Барбара покачала головой.

— У меня, конечно, есть некоторые навыки в пресечении разговоров подобного толка. Мы, Калланы, не столь очевидно отличаемся, но и у нас есть несколько своих странностей, однако мне всегда удавалось высмеивать любые пересуды о нас. И все же я рада, что никто не упомянул о его зубах. Их действительно было бы трудно объяснить, хотя у нас был дядя, который дал бы ему в этом сто очков фору.

— Да, я помню его. И ещё хорошо, что никто не задумывался о том, когда он ест и видел ли кто-нибудь это вообще.

— Он вообще ничего не ест?

— Кое-что. Он любит сладкое. Но я не думаю, что пища, которую мы едим, обеспечивает его потребности в питании. Не достаточно, по крайней мере. МакНахтоны нуждаются в крови, но прошло очень много времени с тех пор, как они обращались за ней к людям. К невинным людям, во всяком случае. Те, что пытались убить Дженкина, получили по заслугам, — сурово добавила она.
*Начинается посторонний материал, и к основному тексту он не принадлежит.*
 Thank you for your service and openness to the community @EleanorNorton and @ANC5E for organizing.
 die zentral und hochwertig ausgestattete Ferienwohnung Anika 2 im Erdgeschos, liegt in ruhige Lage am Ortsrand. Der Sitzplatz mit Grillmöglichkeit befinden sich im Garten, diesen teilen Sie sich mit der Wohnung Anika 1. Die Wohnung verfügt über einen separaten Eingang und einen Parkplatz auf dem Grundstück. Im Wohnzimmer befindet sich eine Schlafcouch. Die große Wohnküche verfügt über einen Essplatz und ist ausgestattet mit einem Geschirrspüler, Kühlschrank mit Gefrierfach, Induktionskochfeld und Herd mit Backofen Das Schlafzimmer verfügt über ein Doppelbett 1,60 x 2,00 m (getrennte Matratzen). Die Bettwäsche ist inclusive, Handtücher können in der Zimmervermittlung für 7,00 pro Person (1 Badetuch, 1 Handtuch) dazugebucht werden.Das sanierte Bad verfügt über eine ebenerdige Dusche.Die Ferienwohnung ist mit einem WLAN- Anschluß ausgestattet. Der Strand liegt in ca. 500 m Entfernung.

— Ты действительно его любишь, да?

Эфрика улыбнулась.

— Да, и я думаю, что влюбилась в него ещё с первой встречи. Все те причины, которые я находила для того, чтобы объяснить, почему он не может быть моим выбором, были рождены из страха перед тем, что выбор, в общем-то, уже сделан. Я поняла, что лучше буду жить в сумрачном мире Дженкина, чем в ярком солнечном свете без него. И действительно, без него, сколько бы ни было солнца, оно никогда не согреет холод в моем сердце. — Эфрика пожала плечами. — Я только надеюсь, что он чувствует то же самое по отношению ко мне, или хоть долю того.

— О, я и вправду думаю, что так оно и есть. — Барбара встала и направилась к двери. — Может быть, он знает о тех сомнениях, что у тебя были, и надо показать ему, что их больше нет. Ты приступай к работе над этим, а я начну затыкать все эти опасные слухи.
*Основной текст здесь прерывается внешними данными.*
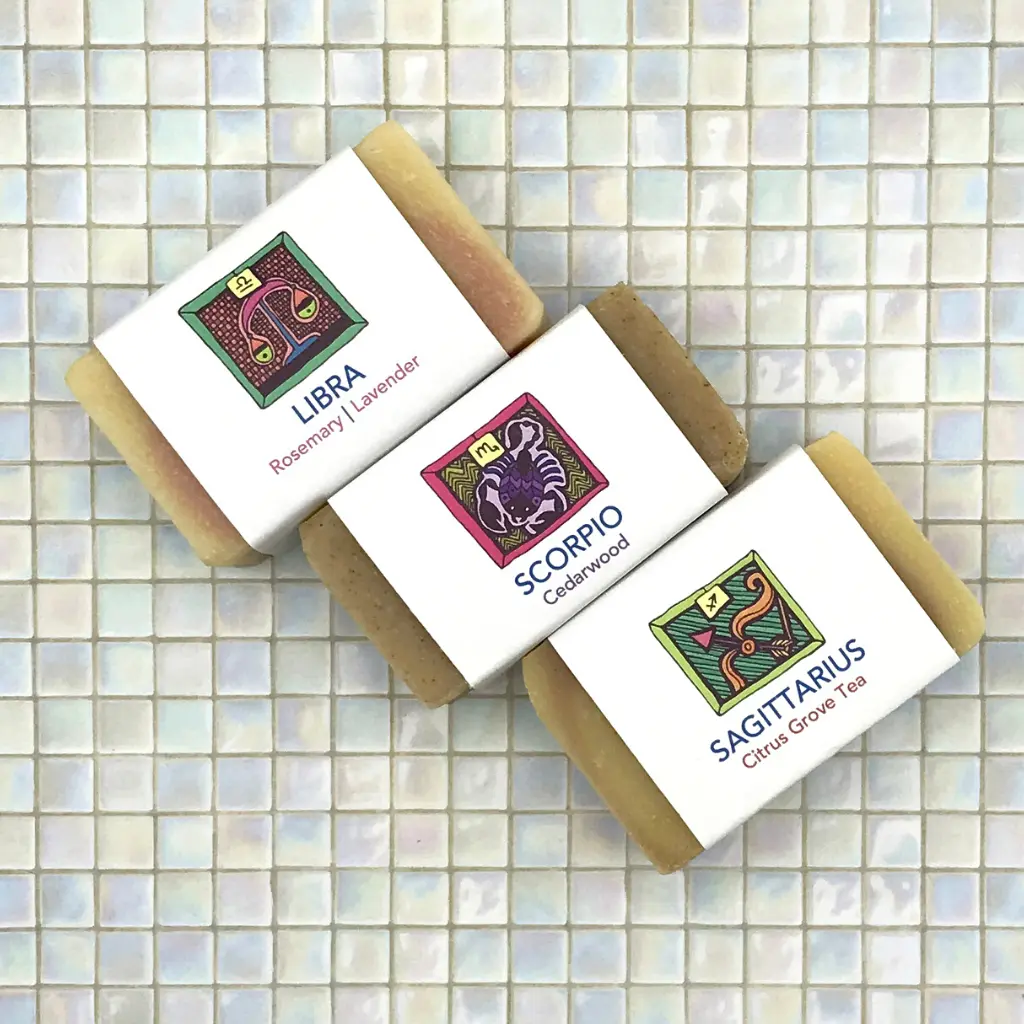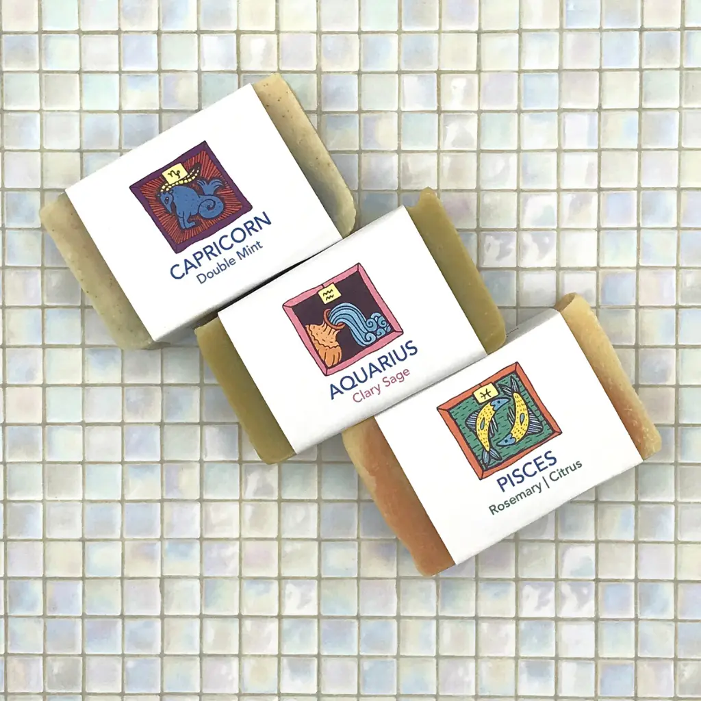 Zodiac Soap: A ritual bath, or shower, is a simple but effective tool that invites you to use the sacredness of body cleansing as a portal for gratitude, self-love and soulwork. Visualizing the water removing any stagnant energy, unhealthy thoughts or habits, or cleansing any negative experiences from you is a powerful practice. Use this handcrafted Zodiac soap and the sacred practice of mindful bathing as you approach your birthday. Made by The Goat Conspiracy, a small sustainably oriented farm and creamery that produces all things goat related.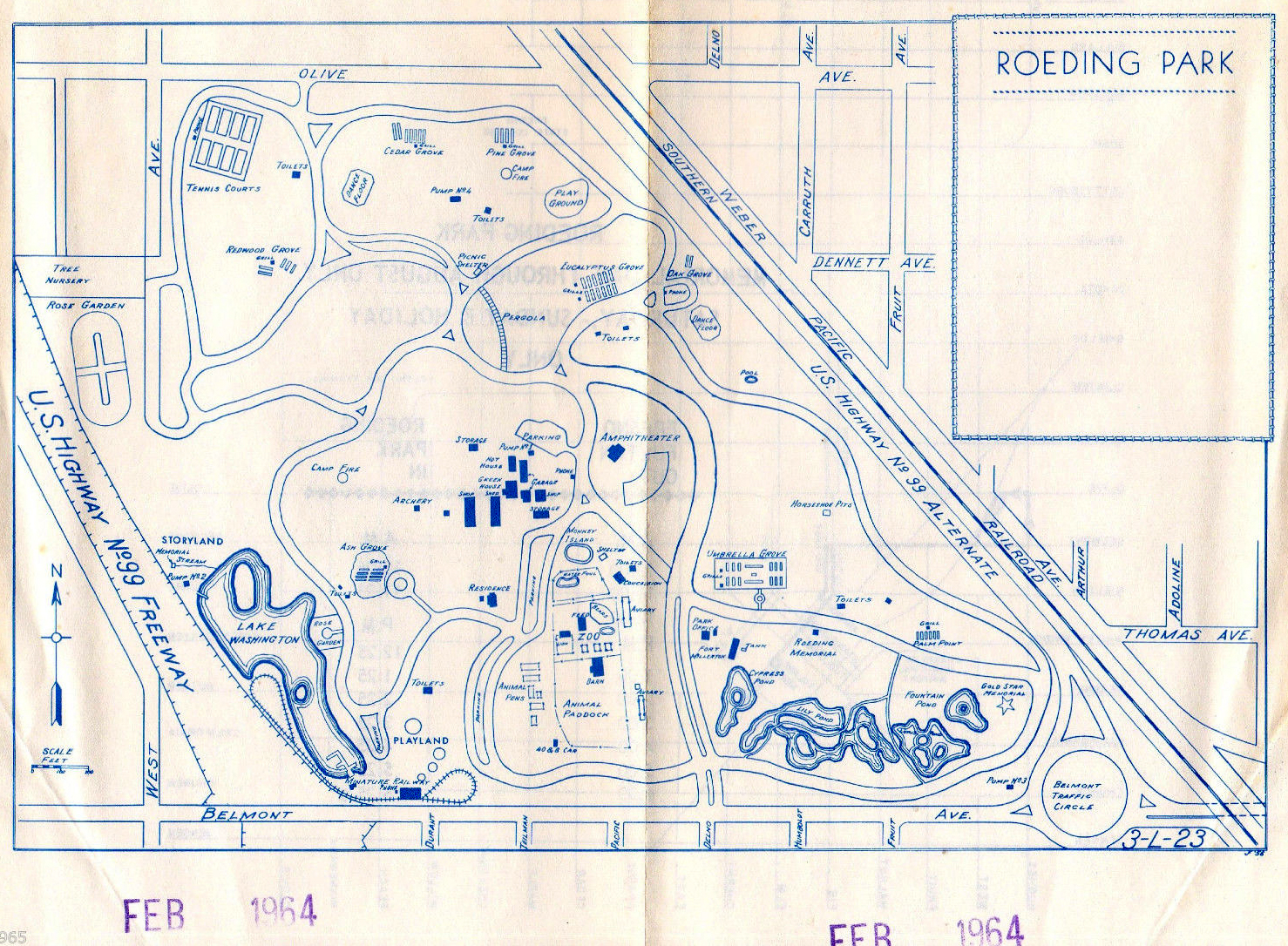 Here is a map of Roeding Park dated 1964. I can see the miniature train tracks at the lower left. Although I grew up in Fresno in the 50s and 60s and went to Roeding a hundred times, I never had the honor of riding that train!

Все еще раздумывая над тем, что она скажет, чтобы подтолкнуть Дженкина к словам о любви, Эфрика постучала в его дверь условным стуком, который они придумали. Кроме того, что Дженкин хотел быть уверенным, что не откроет дверь леди Элеонор, которая всё ещё порой пыталась подкараулить его, он предпочитал успеть подготовиться к встрече гостей, не посвященных в его тайны. По крайней мере, успеть убрать свои личные запасы вина, чтобы кто-нибудь ненароком не обнаружил, из чего оно состоит.

Когда Дженкин открыл дверь, из головы Эфрики тут же вылетели все мысли. На нем не было ничего, кроме широкой, слегка развязной улыбки. Он схватил ее за руку, втянул в комнату, захлопнул и запер за ней дверь. Прежде, чем Эфрика успела собрать свои умственные способности, чтобы что-нибудь сказать, он уже целовал ее, а его умелые пальцы стремительно освобождали ее от одежды. Когда он уронил их обоих на свою кровать, она решила, что серьёзный разговор может немного подождать.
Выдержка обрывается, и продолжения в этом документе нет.